Truth be told, most people who want to be rich need a psychoanalyst instead of good stock picking software or an instruction book, because really, getting rich independently is more about changing the way you think. than any other factor. I wrote the book as a guide for young people who are struggling in life because of a series of wrong principles passed down to them by their parents and peers. I know the story well, I was one. The goal of becoming prosperous must be based on the need to self-actualize above all else. The need to define the purpose of your life should be before setting financial goals. It will give you the reason for all your future suffering, self-denial, and ego-bashing when those closest to you question your behavior. Since you will have given yourself the ultimate goal for the meaning of your life, you will not feel the need to justify yourself to others.

Only weak people feel such a need. Let them be the ones buying the mountains of consumer goods that prevent them from retiring from the rat race and getting on with what they really want to do with their lives. The sad reality is that most people do not have a self-actualization goal. And without a clear goal in life, how will you know if you’ve reached it? If your goal is to impress people with what you can buy or how much money you have accumulated, you may succeed at that, but unfortunately only jerks will be impressed by you! You need a supreme goal that is above all that, and divine in its purpose, that gives your life and others some meaning and joy. When you have such a goal of self-actualization, it gives you the strength you need to live a life of deprivation and hard work that leads to your goals in happiness.

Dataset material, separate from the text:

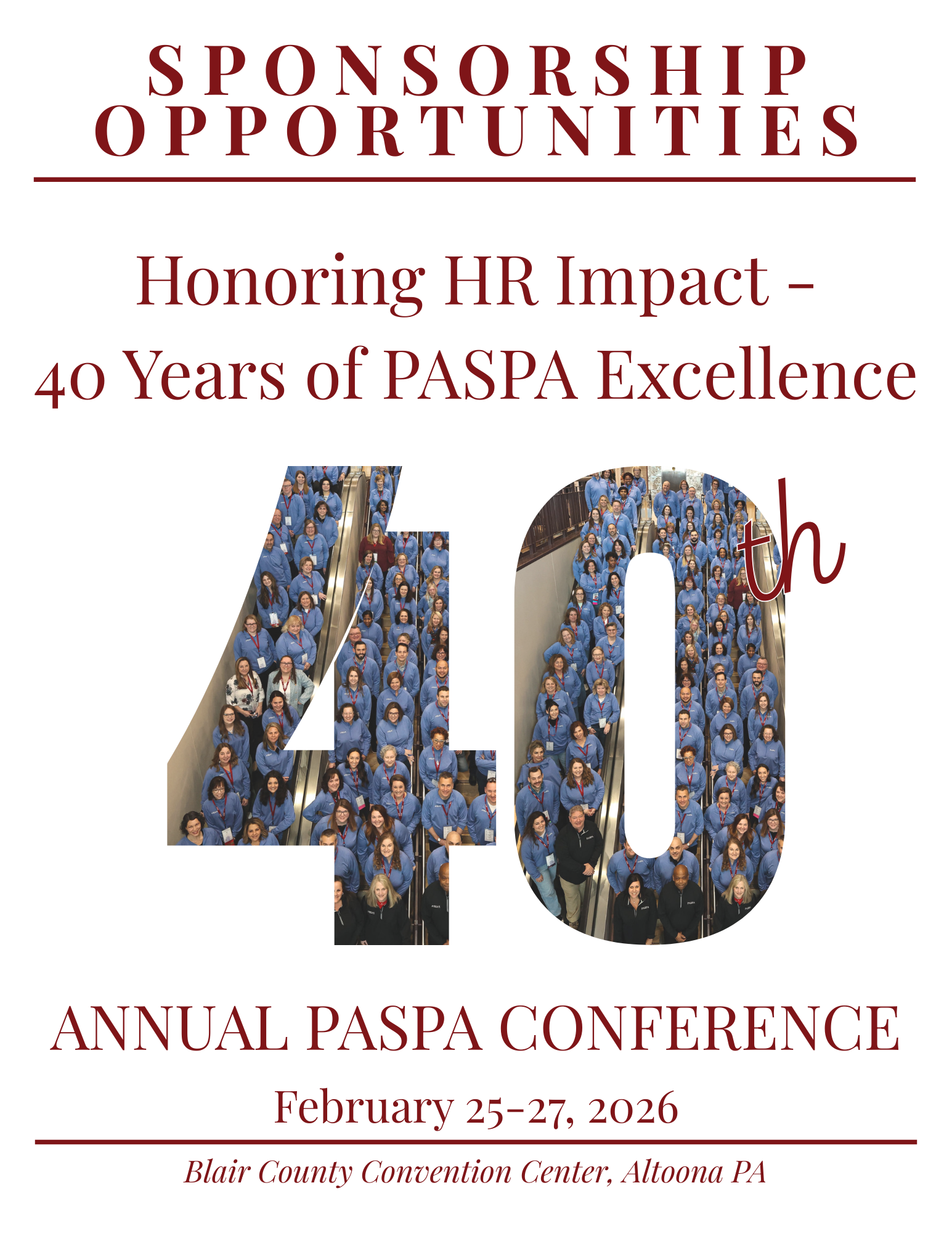 The 40th Annual PASPA Conference will be held on February 25 - 27, 2026, at the Blair County Convention Center in Altoona, PA. Join us as we celebrate PASPA’s 40th Anniversary! For four decades, PASPA has been dedicated to advancing Human Resources excellence in Pennsylvania’s schools, supporting the professionals who shape the success of our districts every day. This year’s conference will honor the incredible impact of school HR leaders, reflect on our shared journey, and inspire the future of our profession.

The money you accumulate will help you do what you really want to do with your time on Earth, and simply working towards that goal will make you feel fulfilled and fulfilled. Your Gross National Happiness will skyrocket no matter what stage you are in the project, whether you are in school starting your new career or retired and volunteering for those in need. You will even settle for denying yourself something, knowing that you will reach your goals sooner. Other people may be impressed with you and your achievements, but in the end, their opinion is little. In the final analysis, you just have to be satisfied with what you have done with your time, which is truly the only resource you have been given to change for the things you want in life.